One of the most common tasks for users of simulators is to assess the uncertainty in the simulator output(s) that is induced by their uncertainty about the inputs. Input uncertainty is a feature of most applications, since simulators typically require very many input values to be specified and the user will be unsure of what should be the best or correct values for some or all of these.

Uncertainty regarding inputs is characterised by a (joint) probability distribution for their values. This distribution induces a (joint) probability distribution for the output, and uncertainty analysis involves identifying that distribution. Specific tasks might be to compute the mean and variance of the output uncertainty distribution. The mean can be considered as a best estimate for the output in the face of input uncertainty, while the variance measures the amount of output uncertainty.
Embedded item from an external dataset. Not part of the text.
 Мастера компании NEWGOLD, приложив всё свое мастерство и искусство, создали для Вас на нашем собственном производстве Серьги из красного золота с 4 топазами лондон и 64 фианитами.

In some applications, it is important to evaluate the probability that the output would lie above or below some threshhold.

A simple way to compute these things in practice is the Monte Carlo method, whereby random configurations of inputs are drawn from their input uncertainty distribution, the model is run for each such configuration, and the set of outputs obtained comprises a random sample from the output distribution. If a sufficiently large sample can be taken, then this allows the uncertainty distribution, mean, variance, probabilities etc., to be evaluated to any desired accuracy. However, this is often impractical because the simulator takes too long to run. Monte Carlo methods will typically require 1,000 to 10,000 runs to achieve accurate estimates of the uncertainty measures, and if a single simulator run takes more than a few seconds the computing time can become prohibitive.
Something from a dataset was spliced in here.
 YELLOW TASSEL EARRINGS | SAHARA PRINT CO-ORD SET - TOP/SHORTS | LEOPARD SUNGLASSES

The MUCM approach of first building an emulator has been developed to enable tasks such as uncertainty analysis to be carried out more efficiently.

Another group of tools that are commonly required are known as sensitivity analysis. In particular, the variance-based form of sensitivity analysis identifies what proportion of the variance of the uncertainty distribution is attributable to uncertainty in individual inputs, or groups of inputs.